The availability of the Acquisition to Misys Shareholders who
are not resident in the United Kingdom may be affected by the laws
of the relevant jurisdictions in which they are resident. Persons
who are not resident in the United Kingdom should inform themselves
of, and observe, any applicable requirements.
Forward Looking Statements
This announcement contains statements that are or may be forward
looking statements. All statements other than statements of
historical facts included in this announcement may be forward
looking statements. Without limitation, any statements preceded or
followed by or that include the words "targets", "plans",
"believes", "expects", "aims", "intends", "will", "should",
"could", "would", "may", "anticipates", "estimates", "synergy",
"cost-saving", "projects", "goal" or "strategy" or, words or terms
of similar substance or the negative thereof, are forward looking
statements. Forward looking statements include statements relating
to the following: (i) future capital expenditures, expenses,
revenues, earnings, synergies, economic performance, indebtedness,
financial condition, dividend policy, losses and future prospects;
(ii) business and management strategies and the expansion and
growth of Bidco's or Misys' operations and potential synergies
resulting from the Acquisition; and (iii) the effects of government
regulation on Bidco's or Misys' business.
These forward looking statements are not guarantees of future
financial performance. Except as expressly provided in this
document, they have not been reviewed by the auditors of Bidco or
Misys. Such forward looking statements involve known and unknown
risks and uncertainties that could significantly affect expected
results and are based on certain key assumptions. Many factors
could cause actual results to differ materially from those
projected or implied in any forward looking statements. Due to such
uncertainties and risks, readers are cautioned not to place undue
reliance on such forward looking statements, which speak only as of
the date hereof. All subsequent oral or written forward looking
statements attributable to Bidco or Misys or any of their
respective members, directors, officers or employees or any persons
acting on their behalf are expressly qualified in their entirety by
the cautionary statement above. Bidco and Misys disclaim any
obligation to update any forward looking or other statements
contained herein, except as required by applicable law.
Dealing Disclosure Requirements
Under Rule 8.3(a) of the Code, any person who is interested in
1% or more of any class of relevant securities of an offeree
company or of any paper offeror (being any offeror other than an
offeror in respect of which it has been announced that its offer
is, or is likely to be, solely in cash) must make an Opening
Position Disclosure following the commencement of the offer period
and, if later, following the announcement in which any paper
offeror is first identified. An Opening Position Disclosure must
contain details of the person's interests and short positions in,
and rights to subscribe for, any relevant securities of each of (i)
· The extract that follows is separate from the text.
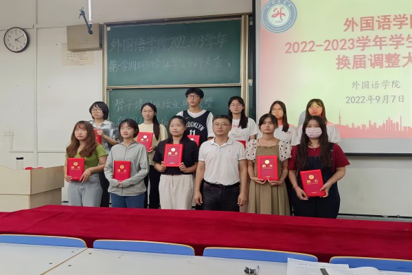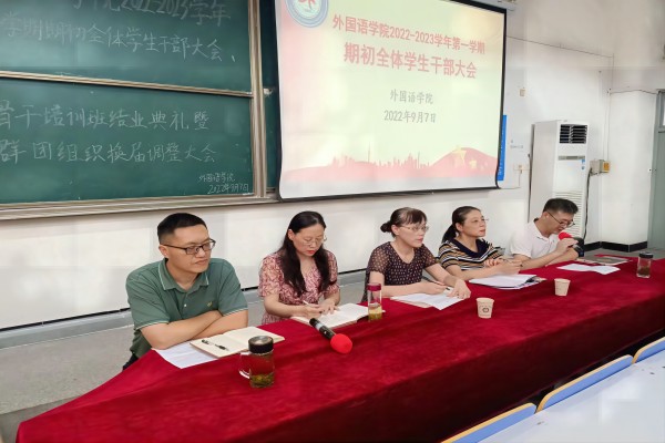 9月7日下午,外国语学院在求知楼A106教室召开2022-2023学年秋季学期期初全体学生干部大会,外国语学院全体党政领导出席会议,全体辅导员、分团委学生委员、学生会、艺体中心、易班工作站主要负责人以及各班级班长、团支部书记、学习委员参加会议。会议由学院党委副书记张海亮主持。

the offeree company and (ii) any paper offeror(s).
An Opening Position Disclosure by a person to whom Rule 8.3(a)
applies must be made by no later than 3.30 pm (London time) on the
10th business day following the commencement of the offer period
and, if appropriate, by no later than 3.30 pm (London time) on the
10th business day following the announcement in which any paper
offeror is first identified.
Relevant persons who deal in the relevant securities of the
offeree company or of a paper offeror prior to the deadline for
making an Opening Position Disclosure must instead make a Dealing
Disclosure.
Under Rule 8.3(b) of the Code, any person who is, or becomes,
interested in 1% or more of any class of relevant securities of the
offeree company or of any paper offeror must make a Dealing
Disclosure if the person deals in any relevant securities of the
offeree company or of any paper offeror. A Dealing Disclosure must
contain details of the dealing concerned and of the person's
interests and short positions in, and rights to subscribe for, any
relevant securities of each of (i) the offeree company and (ii) any
paper offeror, save to the extent that these details have
previously been disclosed under Rule 8. A Dealing Disclosure by a
person to whom Rule 8.3(b) applies must be made by no later than
3.30 pm (London time) on the business day following the date of the
relevant dealing.
If two or more persons act together pursuant to an agreement or
understanding, whether formal or informal, to acquire or control an
interest in relevant securities of an offeree company or a paper
offeror, they will be deemed to be a single person for the purpose
of Rule 8.3.
Opening Position Disclosures must also be made by the offeree
company and by any offeror and Dealing Disclosures must also be
made by the offeree company, by any offeror and by any persons
acting in concert with any of them (see Rules 8.1, 8.2 and
8.4).
Details of the offeree and offeror companies in respect of whose
relevant securities Opening Position Disclosures and Dealing
Disclosures must be made can be found in the Disclosure Table on
the Takeover Panel's website at www.thetakeoverpanel.org.uk,
including details of the number of relevant securities in issue,
when the offer period commenced and when any offeror was first
identified. If you are in any doubt as to whether you are required
to make an Opening Position Disclosure or a Dealing Disclosure, you
should contact the Panel's Market Surveillance Unit on +44 (0)20
7638 0129.
Information Relating to Misys Shareholders
Please be aware that addresses, electronic addresses and certain
information provided by Misys Shareholders, persons with
information rights and other relevant persons for the receipt of
communications from Misys may be provided to Bidco during the offer
period as requested under Section 4 of Appendix 4 of the Code to
comply with Rule 2.12(c).
Publication on Website
A copy of this announcement will be available free of charge
(subject to any applicable restrictions with respect to persons
resident in Restricted Jurisdictions) on Misys' and Vista's
websites (www.misys.com and www.vistaequitypartners.com
respectively) up to and including the Scheme Effective Date.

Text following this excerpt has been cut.